Guerrero really grasps the purpose of appetizers, which is to pique the taste buds, drum up interest and excitement for the meal. Thai lemongrass and coconut soup, with a bracing wallop of fish sauce and delicate little chicken and mushroom dumplings, really wakes up the senses — I wouldn‘t mind it for an entree, either. The ahi towers appetizer is a slab of seared sushi-grade tuna on a crunchy-chewy risotto cake that’s then topped with wasabi-flavored green tobiko (tiny fish eggs), a compendium of small delights. Lumpia, the skinny deep-fried Filipino egg rolls stuffed with shrimp and pork and served with a sweet chile sauce, are everything we humans love — salty, crisp, sweet, hot — and they come with a refreshing, mildly astringent Asian slaw. Salads are less interesting, they can‘t help but be. The caesar is delicious, with its Parmesan ”crisps,“ and the ”carpaccio of beets“ with warm feta is just fine. But I don’t get the sour, almost pickled chunks of warm apple in the arugula, radicchio and romaine salad.

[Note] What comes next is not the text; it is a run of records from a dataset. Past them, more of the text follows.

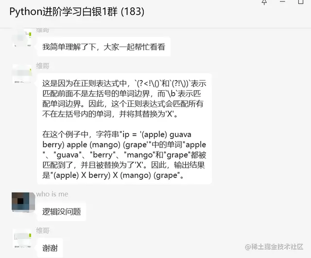 后来【魏哥】补充了下:这是因为在正则表达式中,(?<!\()和(?!\))表示匹配前面不是左括号的单词边界,而\b表示匹配单词边界。因此,这个正则表达式会匹配所有不在左括号内的单词,并将其替换为'X'。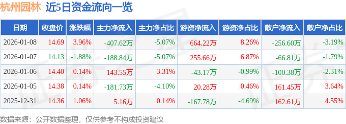 证券之星消息,截至2026年1月8日收盘,杭州园林(300649)报收于14.69元,上涨3.96%,换手率5.2%,成交量5.52万手,成交额8037.57万元。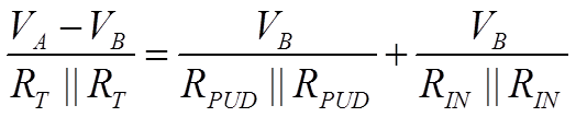 當(dāng)兩個模塊都處于接收狀態(tài)時,可以根據(jù)基爾霍夫電流定律對節(jié)點(diǎn)A和節(jié)點(diǎn)B列出下列公式:
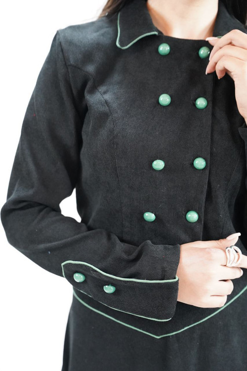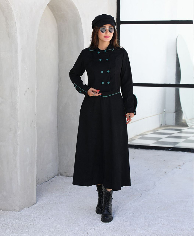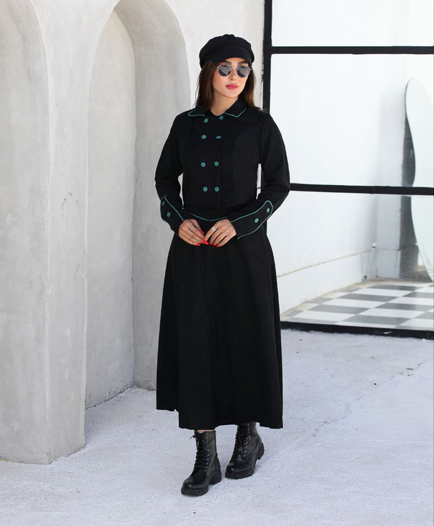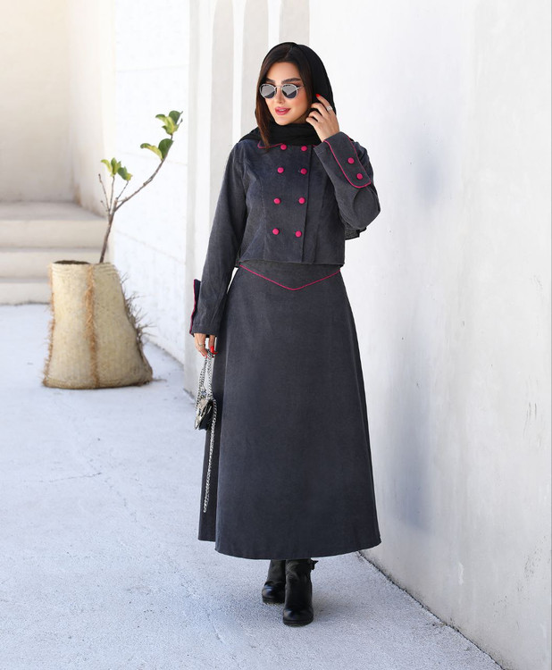 دوتیکه کت و دامن. دکمه های جلو کاربردی. دامن از قسمت پشت کمر کش کار شده. قددامن:۸۵. قد کت:۴۵. قدآستین:۶۱. قسمت رنگی مغزی دوزی شده

Once our taste buds are at full attention, out come the entrees. The ”trio of pork“ is one of the more satisfying entrees I‘ve encountered in recent years. The three different preparations are (1) tender, juicy hunks of grilled garlic pork on crunchy, lightly sauteed pea sprouts, (2) the more toothsome, succulent bacon-wrapped tenderloin on mushrooms, and (3) the dreamiest, most slippery and rich braised pork belly (fresh bacon) on a bed of nubbly little lentils — all of it so smart and precisely prepared.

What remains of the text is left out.